Taking care of business: working for a living behind the wall.|
by Garth Hattan
Have any of you ever had the inimitable opportunity to watch Siamese fighting fish engaged in battle? If so, while you looked on as they slowly tore each other a new blowhole, did you find yourself getting all sentimentally philosophical about just what an arduous struggle life can be?
Or, did you begin to contemplate the sporting aspects of the frenzied spectacle and wonder not aloud, hopefully if those fin-thrashing, gill-biting little warriors had actually trained for the fights like a couple of piscatorial Mike Tysons?
If Bangkwang was a fishbowl, a number of visitors would bring with them similar preconceived illusions of what life is like within these walls.
Because of Western prison movies most assume that essential daily necessities sufficient food, for example are readily provided. Not so. Beyond a midday U.N.offered bag of rice and exceedingly modest portion of what could aptly be described as "wannabe soup" (which ain't a Japanese delicacy), farangs here are obligated to scrape together whatever they can in a fruitless attempt to maintain a healthy, balanced diet. That's why many inmates take on or create their own unique vocations to try and beat the incessant conflict of making ends meet.
Adult readers may wish to screen youngsters from reading further. Some of the following could get pretty ugly. Those of you who possess more lurid imaginations can certainly envision the seedy underbelly of maximum-security prison life. And the depths to which spinally challenged inmates descend to dredge up a barely satisfactory living is something that not even Hollywood could exaggerate. Merely walking along the clotheslines and checking out the surprising array of lacy undergarments can attest to the fact that there exists a decidedly epicene element pervading this otherwise all-male habitat. Now, keep in mind I'm illustrating the grounds of a men's prison, and not a display window of Victoria's Secret (although much of this lingerie would be more at home in a Fredrick's of Hollywood catalogue), and you'll probably get a clearer picture of just how these sexy threads might be conducive towards enhancing one's culinary intake.

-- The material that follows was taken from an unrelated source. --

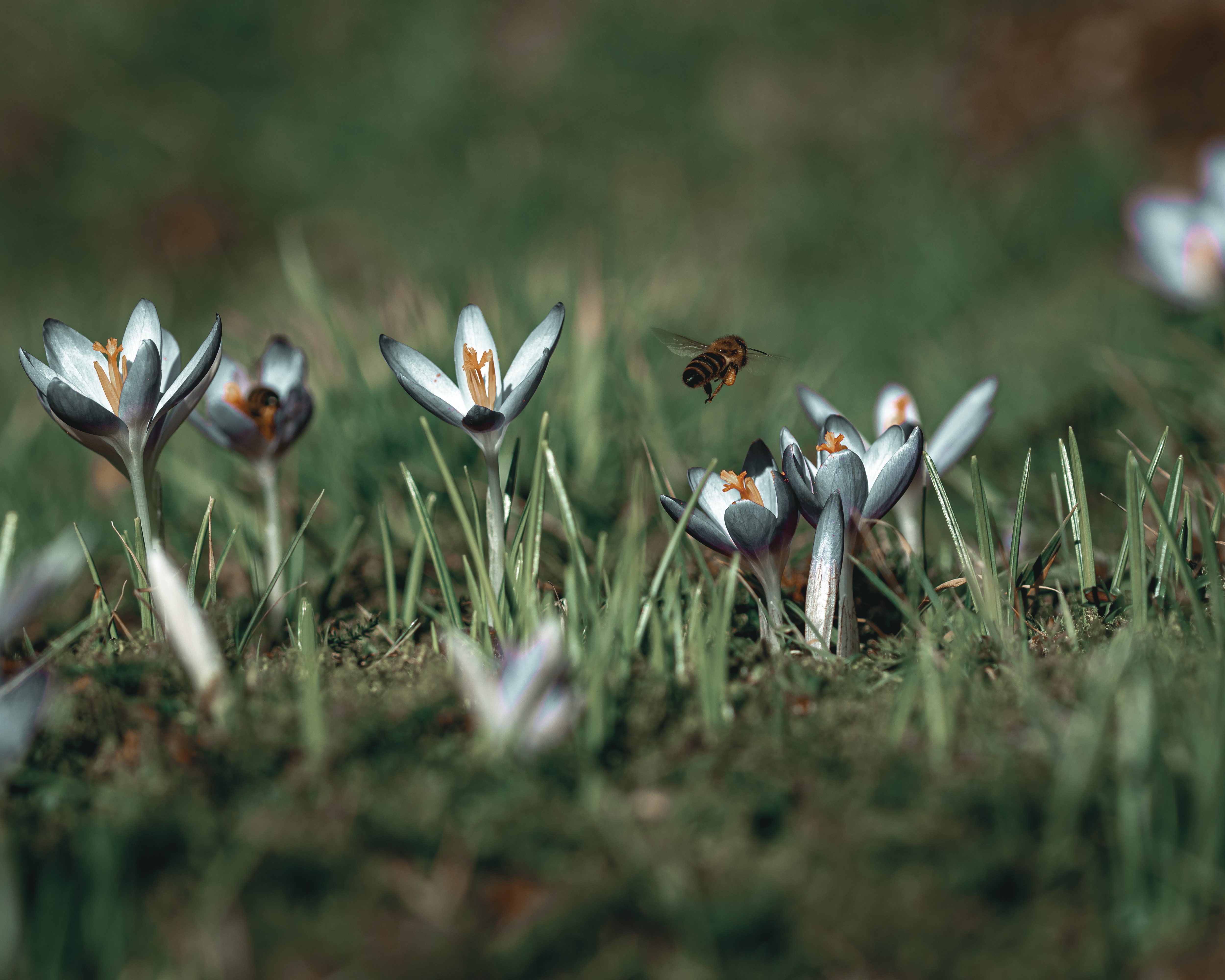 Ein schöner Einblick in das Arbeitsleben einer Biene. Die Körbchen an den Beinen sind schon gut gefüllt mit Pollen. Krokusse gehören zu den ersten wichtigen Nektar- und Pollenpflanzen im Jahr.
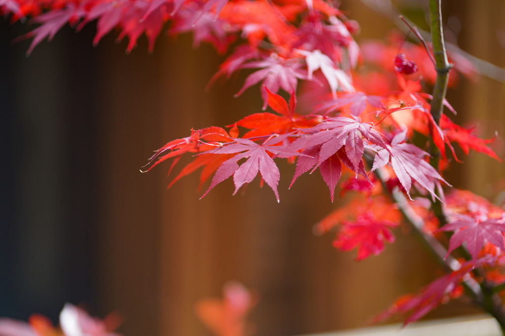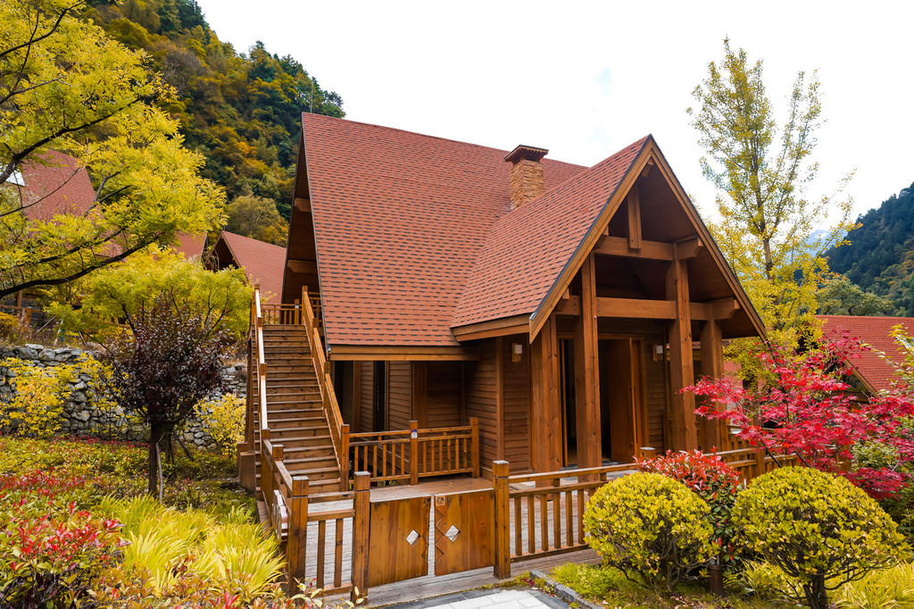 秋天这里真的很美,木屋外都是红色的枫叶,山上是漂亮的彩林。

You may assume that katoeys (ladyboys), being indigenous to Thailand, would be the sole purveyors of the prison sex trade, though you'd be amazed to what levels some ostensibly normal guys have plunged just to get a little extra chicken with their rice. It's as if walking through these gates, no matter how turbo-hetero they claim to be, gives them a license to poof! transform themselves into "Bangkwang Barbie" (Malibu Barbie's twisted Siamese sister).
Okay, before I'm labeled homophobic, allow me to say I'd be the last one to suggest they repress their new-found sexual orientation especially when it can mean the difference between 500-or-so, much-needed calories a day. But they should at least put forth the effort to retain the last remnants of their integrity. After all, there do exist a variety of jobs for guys that are quite harmless, particularly in the sense that they won't be haunted several years down the road for having done them. For me, anyway, it's an issue I'd rather not have to reflect upon as I'm tossing back future AZT cocktails, ya know?
Some of the harmless, less-haunting jobs are listed as follows. I think a lot of the guys prefer them because they can be done without having to sport a bra and panties, even if, by eliminating sex from the equation, perhaps they're subjecting themselves to an unknowing reduction in pay. But at least they can maintain their sense of pride.
Amongst the working class behind the walls there are a couple of "traveling salesmen" who'll take virtually anything you wish to unload
shirts, shorts, shoes, socks, sandals, vibrating dildos and flog it for you. For a commission. Actually, commissions in here are much like corruption out there: it permeates virtually all walks of life.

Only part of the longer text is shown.